“How deep is ‘deep’? …Pretty deep.”

This is not going to be a post about roller derby. I was writing in my journal and thinking a little too much of Miss Pamela when I was hit with the strong, inconvenient middle-of-the-night need to go get my laptop and write about it on a blog that nobody reads.

I’ve been hanging around with this band recently who are just starting to make it big.  I’m genuinely thrilled for them every time they get another big break, and I love love love seeing them play.
I’ve always loved live music, ever since I can remember. My mother took me to my first big concert , the Mushroom Records 25th Anniversary at the MCG. It’s a great example of how lucky I am to have a good musical upbringing thanks to my parents. It was also, at the age of ten, the first time I can recall feeling at all turned on, when Matt Thomas, the lead singer from The Mavis’s, took his shirt off during their set.  I suppose I have always had an attraction to performers, but how is it possible not to? Anyone who loves what they do and is damn good at it just gets me going.  And it’s not just musicians or actors – the scene in Firefly episode ‘Ariel’ when Simon Tam steps in and saves a hospital patient’s life (then furiously berates the doctor responsible for the near death) makes me incredibly hot for Dr. Tam.

But I digress.

I was talking after this band’s gig last night with the guitarist’s girlfriend.* We were talking about music and I started gushing on about all these bands from Melbourne that I’ve loved in the past and how brilliant they are live and what each experience felt like and inspired in me. And I realised that I really have quite a history with being a fan, even with being a groupie – just not that kind.
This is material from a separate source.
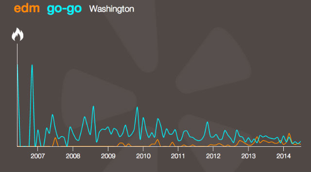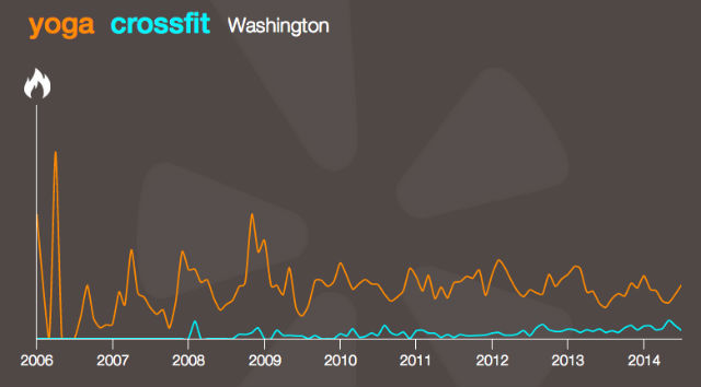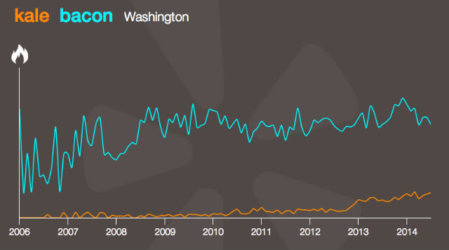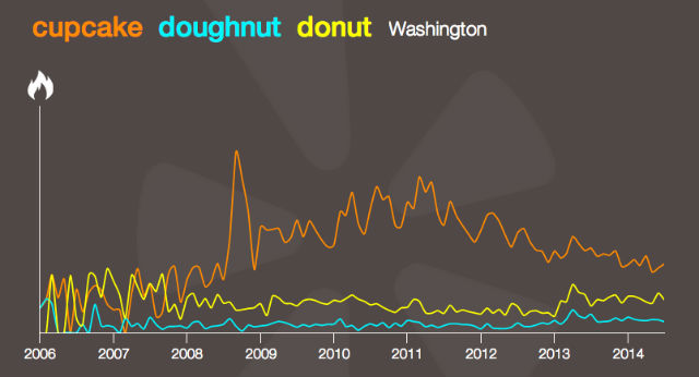 Below are a few of the trend charts we created for D.C. As you can see, D.C.’s love affair with the cupcake began to dip after 2011, but the treat hasn’t been replaced by doughnuts in popularity. Make your own here and leave them in the comments.

I started going to gigs with friends in high school thanks to FReeZA and it’s been something that I relish ever since.
There have been so many bands over the years for whom I’ve made trek after trek into the city, or trendy surrounding suburbs – often on my own, usually leaving to catch the last train or just driving because it’s easier. I’ve always been either broke or driving so I’ve never really gotten drunk at gigs – but why would I need to drink alcohol when I’m drunk on the vibrations that float through the air and make me sway or stomp or twirl? I leave feeling happy and tired with a familiar ringing in my ears, and finally collapse into bed after the lengthy trip home covered in sweat with songs in my head.
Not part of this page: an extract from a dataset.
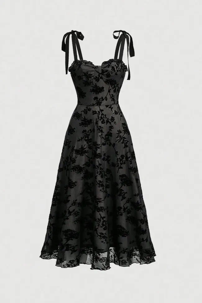 Black Floral Sweetheart Midi Dress

Countless musicians have given me the pleasure, and I get excited to think about how many more there are out there that will one day come into my life in one way or another.
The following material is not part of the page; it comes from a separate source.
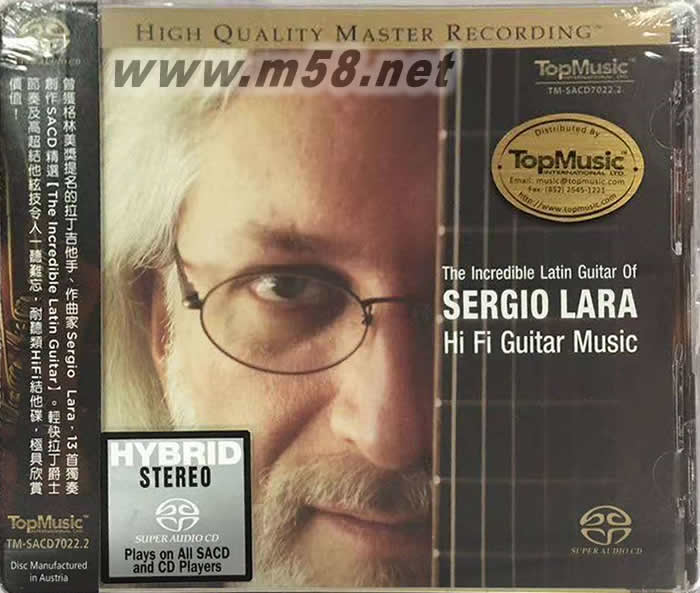 The Incredible Latin Guitar of HI FI 不可思議的拉丁吉他 SACD 限量版(m58.net) 獲得拉丁葛萊美獎提名的拉丁吉他大師,各式音樂樣樣精通,演奏風格元素豐富,包羅萬象! ★ 在本專輯中獨挑大樑彈奏自創樂曲,毫無冷場! ★ Povee Chan母帶重製,優異音質重現驚人演奏! 若您對火辣熱情的拉丁音樂著迷,絕對不能錯過塞爾吉奧羅拉精湛的拉丁吉他演奏。這位曾獲得拉丁音樂葛萊美獎提名的吉他大師,九歲開始學習古典吉他,並靠著聆聽不同類型的音樂汲取豐富的音樂養分,讓他的演奏摻揉佛朗明哥、藍調、搖滾、爵士等包羅萬象的風格節奏,演奏魅力橫掃美洲大陸各大音樂會與表演場所。 曾參與多張專輯演出,並與帕可迪魯奇亞、約翰麥克勞福林等吉他大師共同合作的塞爾吉奧羅拉。此次,他獨挑大樑,在這張最新專輯獨自演奏 13 首自行創作的樂曲。除了技藝超群的演奏,本專輯更由發燒廠牌 Top Music 的當家工程師 Povee Chan 母帶重製推出 Hybrid SACD,透過 DSD 的高取樣率格式,清晰傳達這位吉他大師演奏時的瞬間暫態細節,以及渲染力十足的動態變化。本片全球限量 1000 張,錯過此次以后便沒有機會了!

By the time I reached uni, I had no problem going to see my favourite band at every single gig they put on, even though it mostly meant going on my own.  If the band members spoke to me of course I just lost it. When I started getting invited to their parties I was giddy with nervous excitement. But when one of the guys tried to kiss me one night, I pulled back.
“Sorry…” I began. “I just… really love going to see your band, and I don’t want anything to change that experience for me.”

It’s probably the first time in history that a guy has been turned down specifically because he’s in a band.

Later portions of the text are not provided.